Her companion’s eyes, startlingly blue with the dark glasses gone, twinkled as he smiled. “In my opinion, my homeland is the most beautiful place in all creation.”

“Transylvania.” Mina’s voice, her mood, were absent, dreamy, almost giddy. She was sipping from a glass of milky-green absinthe, the drug of the moment for London café society, ordered in a moment’s inexplicable impulse that was at least in keeping with the rest of her mad behavior this afternoon—or was it her companion who had suggested absinthe? At the moment she could not recall. But in her more lucid moments of this hour she thought the drink must be at least partially responsible for her condition.

Transylvania… dimly she could remember, months ago, Jonathan’s voice speaking that same name… some nobleman, in the exotic wilds of Transylvania … yes, that was it. The same place, or near the place, where Jonathan was going, had gone, on business. His last letter, written so long ago, had come from somewhere in the region of Transylvania, from Castle Dracula…

But the image of her fiancé faded swiftly.

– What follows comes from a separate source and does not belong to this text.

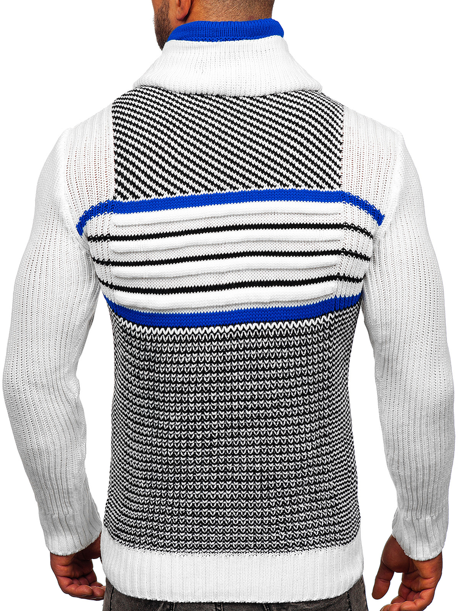 Il maglione da uomo bianco spesso con collo alto di Bolf 2000 è la nostra proposta per i giorni più freddi. Il prodotto ha un colletto originale, regolabile con cerniera, stringhe e bottoni automatici. La costina è rifinita sul fondo e sulle maniche, sottolineandone il carattere casual. Grazie ai polsini, il maglione si adatta perfettamente ad ogni figura. Il taglio aderente fa sembrare tutti eccezionalmente vantaggiosi. Il prodotto è realizzato in un tessuto delicato, piacevole al tatto che si adatta perfettamente al corpo. Materiale 70% acrillo e 30% lana. Motivi unici e caratteristici aggiungono originalità. Un maglione classico si abbinerà perfettamente con i jeans e giacca in pelle. Puoi abbinarlo con i jogger e felpa per un look più sciolto.

She mused: “I see the meaning of the name… a land beyond a great, vast forest. Surrounded by mountains that are so majestic. And lush vineyards. And flowers, I can almost see them, inhale their fragrance; flowers of such frailty and beauty as can be found nowhere else on God’s green earth.”

The prince leaned forward. How young he is, she thought, watching the candlelight on his smooth face. How beautiful. Quite unlike all other men. Definitely superior to any of them.

He said quietly: “You describe my home as if you might already have seen it at first hand.”

Mina allowed her eyes to close—for just a moment. The closing was so restful. From the darkness behind her lids she said: “It is your voice, perhaps. So… familiar . . . like a voice in a dream that you cannot place. It comforts me… when I am alone.”

Her eyes came open again; so easily, yet sleepily. She met the gaze of her companion, and Mina was distantly aware that the contact was far too prolonged. Then suddenly, just how she was not sure, he had come to be seated close beside her. His right hand was at her throat, fingers gently but firmly tracing, caressing. Quite possessively, as if this were the most natural thing in all the world…

Suddenly a giddy laugh burst from her lips. Something made her get to her feet, breaking the physical contact, as if she knew this was the last chance she would ever have to do so… then out of nowhere a question came to her lips.